Russia to begin airlifting citizens from Syria

Moscow shows increasing doubt in Assad’s ability to rule, claims it has contingency plans to evacuate thousands

Moscow's Red Square (photo credit: Anna Kaplan/Flash90/File)
Moscow's Red Square (photo credit: Anna Kaplan/Flash90/File)

MOSCOW (AP) — Russia is sending two planes to Lebanon to evacuate Russians from civil war-struck Syria, authorities said Monday, a move that appears to reflect Moscow’s increasing doubts about Syrian President Bashar Assad’s ability to stay in power.

The Emergency Situations Ministry said two of its planes were scheduled to fly to Beirut on Tuesday to carry more than 100 Russians from Syria.

Russia has been Assad’s main ally since the start of the conflict in the Arab state in March 2011, using its veto power at the United Nations Security Council to shield Damascus from international sanctions.

But it has recently begun to distance itself from the Syrian ruler, signaling it is resigned to him losing power. Russia’s President Vladimir Putin has said that Russia realizes the need for change in Syria.

Russia’s Foreign Ministry has said that it has contingency plans in place to evacuate thousands of Russians from Syria, most of them Russian women married to Syrians. Only a few thousand have registered with Russian consular officials.

Russian officials said both planes and sea vessels could be used in the effort.

A squadron of Russian Navy ships is currently in the Mediterranean for a planned exercise near Syrian shores later this month. Military officials earlier said that the exercise will simulate both the landing of marines and taking people on board from the shore.

Russia’s naval base in the Syrian port of Tartus is the only such facility it has outside the former Soviet Union.

Assad has dismissed calls that he step down and proposed a national reconciliation conference, elections and a new constitution.

But the Syrian opposition has insisted that he can play no role in a resolution to the conflict, which according to the United Nations has left more than 60,000 people dead since March 2011.

The Syrian government on Monday blamed a rebel attack on a key power line for a blackout that hit Damascus and much of the country’s south overnight, leaving residents cold and in the dark amid a fuel crisis that has stranded many at home.

The Syrian capital’s 2.5 million residents have grown used to frequent power cuts as the country’s conflict has damaged infrastructure and sapped the government’s finances. But some said Monday that the overnight outage was the first to darken the entire capital since the conflict began.

The blackout hit residents especially hard because of rampant fuel shortages and below-freezing temperatures. Getting gas requires waiting in hours-long lines at stations, and cooking fuel and diesel for portable heaters has grown scarce and expensive — forcing people to find other ways to keep warm.

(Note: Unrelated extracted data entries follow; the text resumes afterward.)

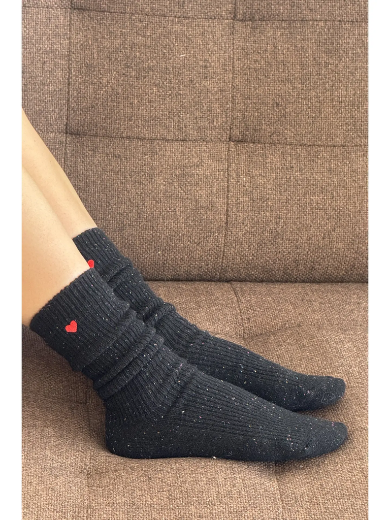 Le Bon Shoppe - Embroidered Snow Socks (Black Heart)
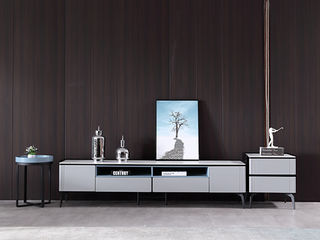 B系优选 现代简约 中纤板(MDF)烤漆+岩板台面6mm+碳素钢脚架 意大利灰(不含边柜) 2米电视柜(未开电源孔)
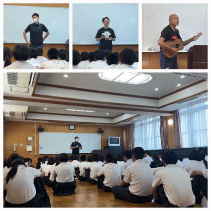 学期終わりの学年集会として夏休みの過ごし方などのお話がありました。また、担当の先生からは楽しい出し物も披露してくれて、子どもたちにも好評でした。
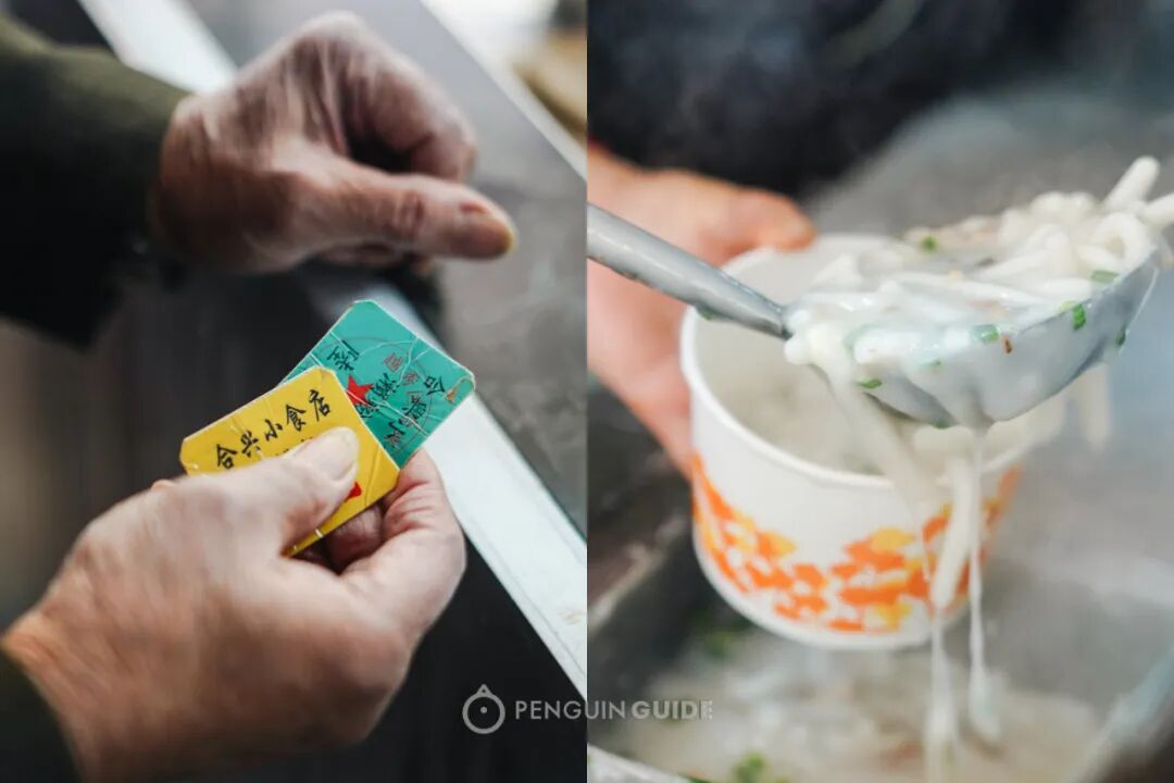 濑粉里有大量冬菇、虾米、猪油渣,再撒一把辣萝卜,满口咸香。
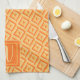 Linge De Cuisine Monogramme Orange Motif diamant à trois tons
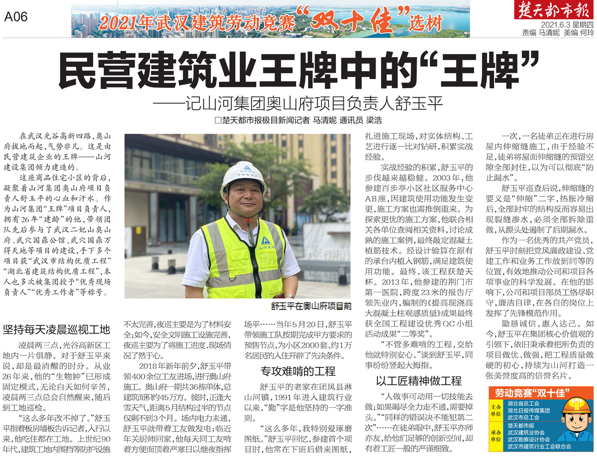 实战经验的积累,舒玉平的步伐越来越稳健。2003年,他参建百步亭小区社区服务中心AB座,因建筑使用功能发生变更,施工方案也需推倒重来。为探索更优的施工方案,他联合相关各单位查阅相关资料,讨论成熟的施工案例,最终敲定混凝土植筋技术。经设计验算在原有的承台内植入钢筋,满足建筑使用功能。最终,该工程获楚天杯。2013年,他参建的荆门市第一医院,跨度23米的报告厅领先业内,编制的《提高现浇高大混凝土柱观感质量》成果最终获全国工程建设优秀QC小组活动成果“二等奖”。
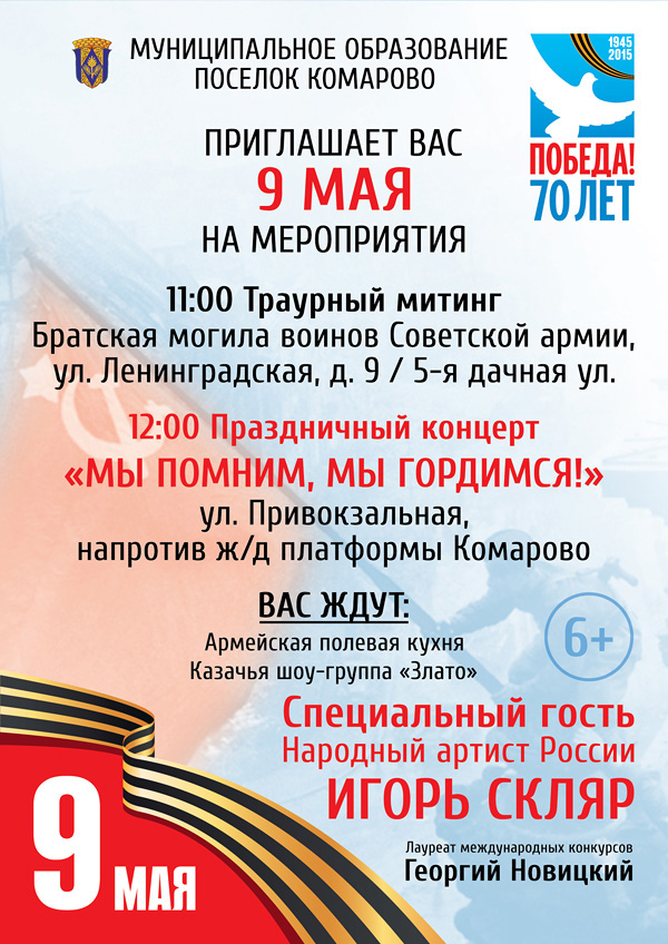 День Победы: празднование 9 мая 2015 в Комарово 6 Май 2015 Муниципальное образование поселок Комарово приглашает вас на мероприятия: 11:00 Митинг (ул. Ленинградская, д. 9 / 5-я дачная ул.) 12:00 Праздничный концерт (ул. Привокзальная)
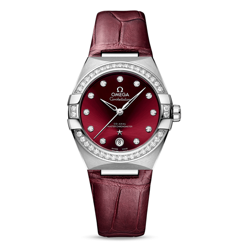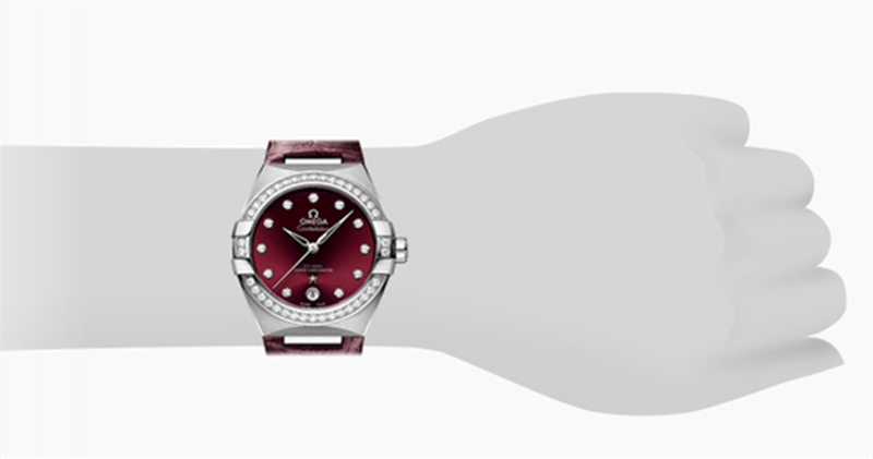 镜面材质 | 蓝宝石水晶玻璃 | 表盘 | 精钢表壳 抛光表圈镶嵌38颗钻石,勃艮第红色表盘经过PVD涂层处理,呈现出太阳射线的打磨效果,6点位设有日历窗。 指针、欧米茄品牌标识、星徽标志以及小时刻度均以白色18K金打造。 背透 |
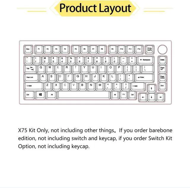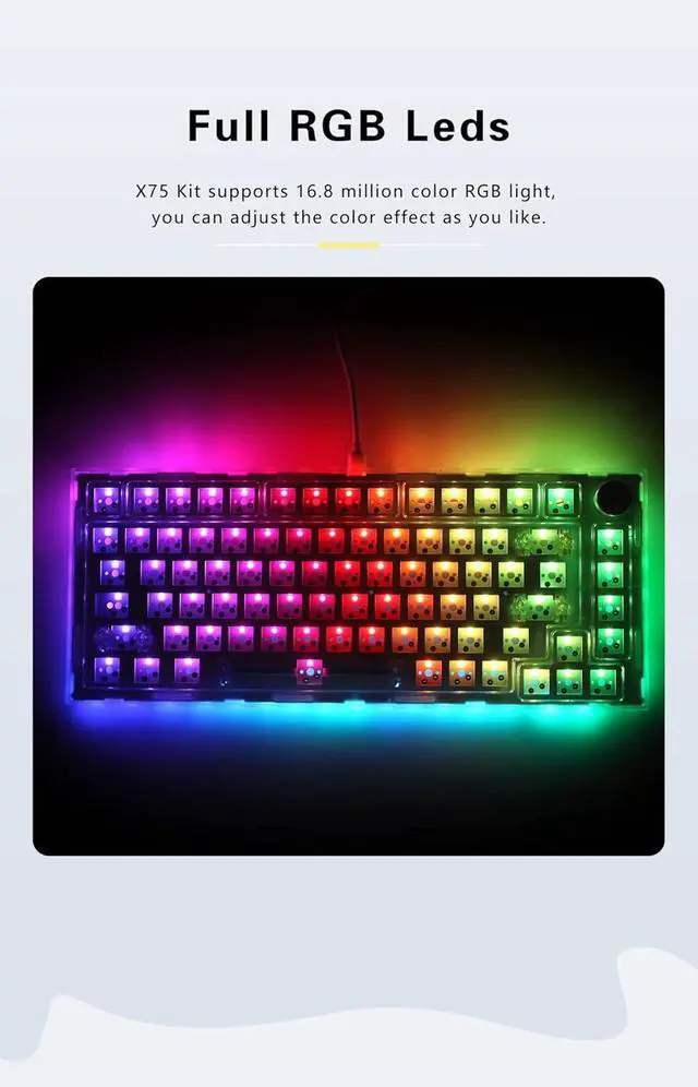 Pls pay attention: X75 Gasket Barebone Kit only, doesn't include keycaps or Switch.
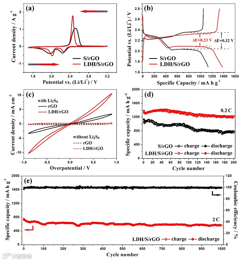样品的循环伏安图(图3a)显示S/rGO在2.23和1.96V有两个还原峰,对应固体硫与锂离子反应形成可溶的多硫化锂中间产物到最终的固体Li2S2/Li2S的多步过程,在2.51V的氧化峰对应上面反应的逆反应过程。与S/rGO相比,LDH/S/rGO的氧化还原峰分别移到2.26,2.02和2.45V,说明LDH纳米片的引入可以减少电极的极化,加速锂化过程。
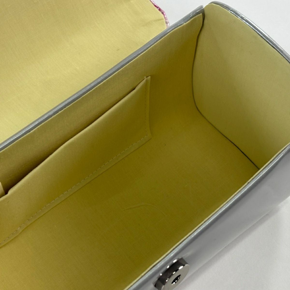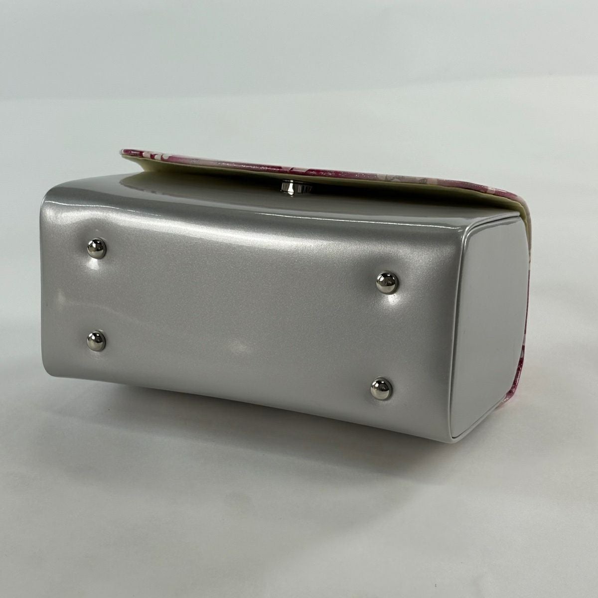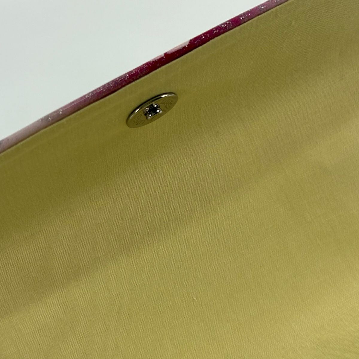 【美品】和装バッグ 優品 フォーマル 桜 鹿の子柄 箔 濃ピンク エナメル 和装小物
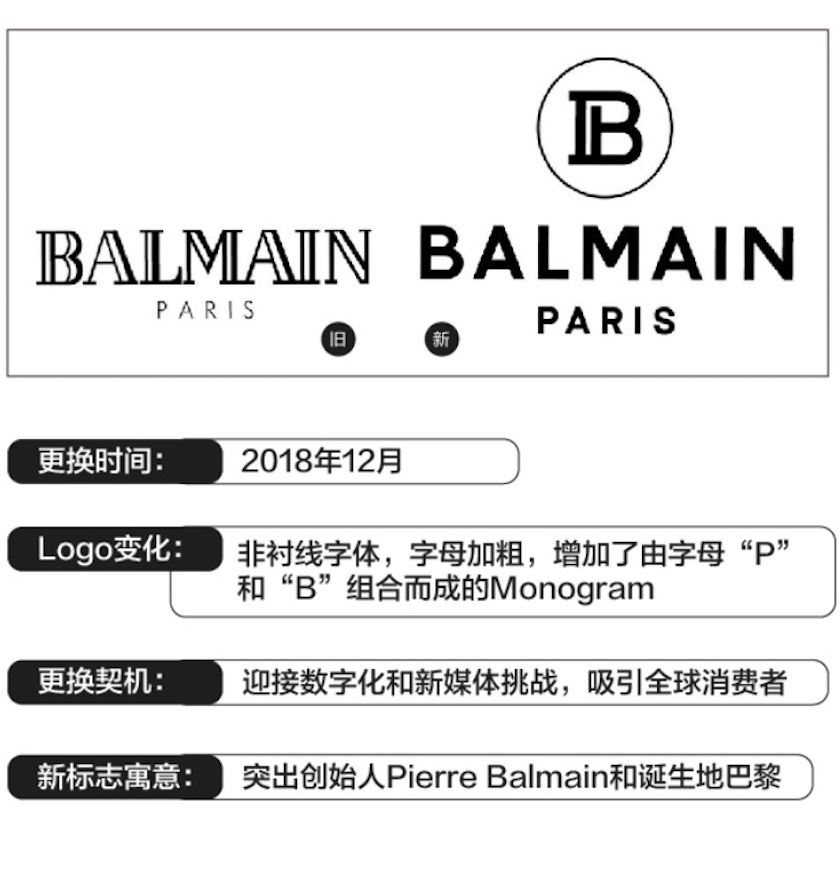 于12月初更换了新Logo的法国奢侈品牌Balmain赶上了2018年Logo热潮的末班车。这也是该品牌创立80年以来对其Logo的首次更新。

“We covered ourselves from the cold in blankets because there was no diesel or electricity for the heaters,” said retired teacher Mariam Ghassan, 60. “We changed our whole lives to get organized for power cuts, but now we have no idea when the power will come or go.”

At its height, the outage engulfed all of Damascus, and extended to an area at least 50 kilometers (31 miles) north to the town of Zabadani and across the southern provinces of Daraa and Sweida that abut the Jordanian border.

By midday Monday, power had returned to more than half of the capital, and Electricity Minister Imad Khamis said authorities were working to restore it in other areas.

Also Monday, Syria’s defense minister vowed the army will keep chasing rebels all over the country “until it achieves victory and thwarts the conspiracy that Syria is being subjected to.”

Gen. Fahd Jassem al-Freij’s comments came as activists reported air raids and shelling of different areas around Syria, including a helicopter raid in the northeastern town of Tabqa that killed eight people including two women and three children, according to the Britain-based Syrian Observatory for Human Rights.

Tensions have flared between Syria and Turkey after shells fired from Syria landed on the Turkish side of the border. As a result, Germany, the Netherlands and the United States decided to send two batteries of Patriot air defense missiles each to protect Turkey, their NATO ally.

On Monday, German soldiers unloaded trucks carrying the missile systems at the port of Iskenderun, while another ship, carrying the Dutch shipment, waited its turn anchored at the harbor.

Also Monday, Syria’s main opposition coalition said it had failed to select a prime minister or form a transitional government during a weekend meeting in Istanbul.

The National Coalition of Syrian Revolution and Opposition Forces said in a statement that it had formed a committee to “complete the election of a prime minister” within the next 10 days. It also formed seven committees to deal with issues such as diplomatic relations and aiding refugees until a transitional government can be formed.

The group’s failure to select a prime minister is likely to disappoint the United States and its other backers who had pressed for its formation in the hopes that it would provide more cohesive leadership for those seeking to topple Assad.